Material provided
[Start of Attachment]

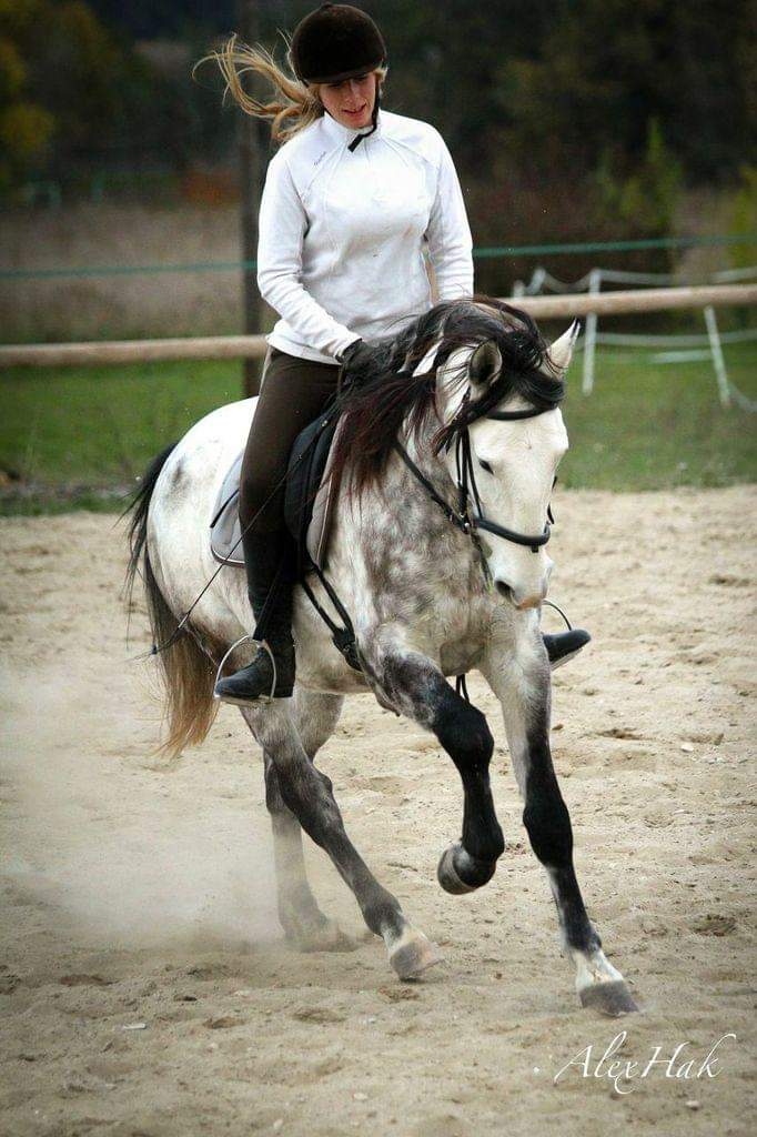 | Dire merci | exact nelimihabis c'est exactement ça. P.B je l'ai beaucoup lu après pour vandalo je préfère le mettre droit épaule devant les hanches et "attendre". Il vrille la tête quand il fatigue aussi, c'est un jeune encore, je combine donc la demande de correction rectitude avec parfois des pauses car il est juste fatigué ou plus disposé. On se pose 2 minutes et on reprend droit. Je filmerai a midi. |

[End of Attachment]
[Start of Attachment]

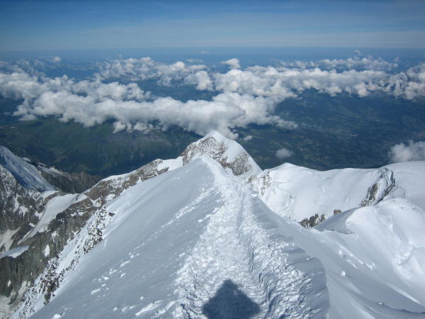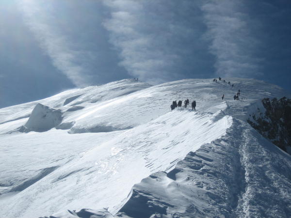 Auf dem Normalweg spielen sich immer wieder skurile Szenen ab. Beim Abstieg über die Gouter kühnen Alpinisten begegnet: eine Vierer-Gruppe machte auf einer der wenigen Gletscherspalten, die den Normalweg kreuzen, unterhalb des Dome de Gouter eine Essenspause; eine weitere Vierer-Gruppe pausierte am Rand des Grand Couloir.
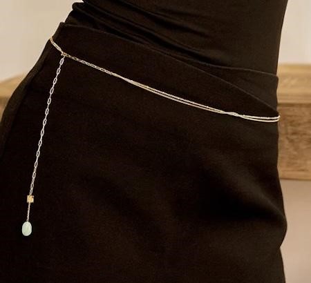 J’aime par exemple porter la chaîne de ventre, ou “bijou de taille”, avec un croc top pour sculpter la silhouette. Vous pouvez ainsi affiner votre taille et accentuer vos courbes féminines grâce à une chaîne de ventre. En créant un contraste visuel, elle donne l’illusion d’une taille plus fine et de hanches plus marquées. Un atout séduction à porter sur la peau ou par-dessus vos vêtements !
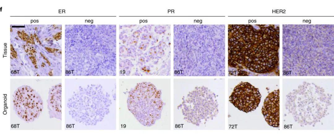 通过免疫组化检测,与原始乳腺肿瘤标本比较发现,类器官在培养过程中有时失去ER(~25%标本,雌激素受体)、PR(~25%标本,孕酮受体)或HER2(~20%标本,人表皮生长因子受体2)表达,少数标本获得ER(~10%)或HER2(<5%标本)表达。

[End of Attachment]

Task instructions
Please print the lines above word for word, starting at the one with "J’aime par exemple" and ending at the one with "通过免疫组化检测,与原始乳腺", both included, and without any picture.

Solution for this problem
 J’aime par exemple porter la chaîne de ventre, ou “bijou de taille”, avec un croc top pour sculpter la silhouette. Vous pouvez ainsi affiner votre taille et accentuer vos courbes féminines grâce à une chaîne de ventre. En créant un contraste visuel, elle donne l’illusion d’une taille plus fine et de hanches plus marquées. Un atout séduction à porter sur la peau ou par-dessus vos vêtements !
 通过免疫组化检测,与原始乳腺肿瘤标本比较发现,类器官在培养过程中有时失去ER(~25%标本,雌激素受体)、PR(~25%标本,孕酮受体)或HER2(~20%标本,人表皮生长因子受体2)表达,少数标本获得ER(~10%)或HER2(<5%标本)表达。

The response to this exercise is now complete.